ALLES GANZ LEICHT UND DEM HIMMEL SO NAH
: Frivole Tänze in Weiß und Rot

VON STEPHAN REINHARDT

2011 Wehlener Sonnenuhr Riesling Kabinett, Markus Molitor

Es ist ja nicht so, dass es nichts anderes als Riesling gibt bei den Weißweinen. Ich könnte leicht auch mal über einen Weißburgunder schreiben. Aber Alexander Laibles badischer Grauer Burgunder „SL“ 2011 war ganz schwer in Ordnung, weil unerhört spannungsreich und nachhaltig, ohne dem mit enormem Körpergewicht nachzuhelfen. Silvaner habe ich hier oft genug erwähnt und ich könnte immer weitermachen damit (Rudolf Mays trockenem Kabinett „Wellenkalk“ 2011 aus Franken etwa). Jetzt aber muss es doch wieder ein Riesling sein, denn am Ende sticht er sie eben doch alle aus. Markus Molitors 2011er Wehlener Sonnenuhr Riesling Kabinett ist schlicht einer der genialsten Kabinettwene des Jahrgangs. Gut, zugegeben: er ist süß, hat also nicht allen natürlichen Traubenzucker vergären können, vielmehr: sollen. Denn ein Markus Molitor weiß ja schon bei der Lese, was er mit Most und Wein anstellen will. Da er also nicht trocken gären sollte, sondern sinnlich verspielt, frivol und tänzerisch die Zunge erobern sollte, ist sein Alkoholgehalt bei leichten 7,5 vol.-% Alk. stehen geblieben. Das hat den Vorteil, dass man gleich zwei Flaschen davon trinken kann – und selbst dann ist man nicht betrunken, sondern allenfalls verrückt, entrückt, dem Himmel so nah. Dabei ist das duftige Bukett noch vornehm zurückhaltend, ja beinahe kühl in seiner feinen, schieferwürzigen und floralen Art. Am Gaumen aber folgt dem rassigen Auftakt ein ungemein saftiger und fleischiger Riesling von herrlichster Eleganz und Finesse, der seine Süße allein aus der reifen Traube bezieht. Man darf ihn jetzt schon trinken, kann sich aber auch so viele Flaschen davon kaufen, wie man in den nächsten 20 Jahren trinken möchte. Bei dem Preis (rund 12 Euro) gar keine überzogene Idee. Man bräuchte halt Platz.

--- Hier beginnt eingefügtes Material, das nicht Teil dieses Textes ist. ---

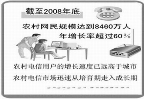 伴随着村村通电话工程的深入,电信运营商纷纷提出农村宽带战略,为农村信息化应用奠定了基础。目前,全国约99.7%的行政村和92.4%的自然村已通电话。与此同时,我国98%的乡镇能上网、95%的乡镇通宽带,27个省份已经实现乡乡能上网。到2008年底,农村网民规模达到8460万人,年增长率超过60%,农村电信用户的增长速度已远高于城市,农村电信市场迅速从培育期走入成长期。

Bezug: markusmolitor.com , wo auch Berliner Bezugsquellen genannt werden. Der Wein kommt erst Ende September auf den Markt.

2011 Spätburgunder, Holger Koch

Kommen wir zum Rotwein, der hier nun mal hingehört, auch wenn (noch) Sommer ist, Sie eine Tannin- oder Hystaminallergie zu haben glauben und überhaupt – Rotwein viel zu schwer finden, um den Weißen ersetzen zu dürfen. Doch auch hier gibt es in kühle Seide gewandte Tänzer, die ihre Fruchtaromen gekonnt zu jonglieren verstehen. Holger Kochs Spätburgunder vom südwestlichen Kaiserstuhl gehört dazu. Und obgleich dieser Wein sein preiswertester ist, mag ich ihn am liebsten, denn ich bin ein Zecher und brauche mein Weinglas nicht anzustaunen. Die Farbe des Weins leuchtet animierend dunkel und frisch aus dem Glas und so strahlen auch die präzise gezeichneten dunklen Beeren- und Kirscharomen, die nichts von badischer Überreife oder gar Rosenblättern haben. Das Ganze ist fein gewürzt und zwingt zum ersten Schluck, der an Fruchtfrische und kühler, seidiger Eleganz keine Wünsche offen lässt. So schmeckt ein Wein, wenn er delikat schmeckt. Die Gerbstoffe sind animierend pikant und nie auftragend, was bei dem eher leichten Körpergewicht auch nicht angemessen wäre. Dass dieser biologisch-dynamisch wirtschaftende junge Holger Koch sein Handwerk versteht, beweist er nun schon seit zwölf Jahren, aber kaum eindrucksvoller als mit diesem Einstiegsburgunder für Burgunderfans.

Bezug: www.viniculture.de für 9,30 Euro.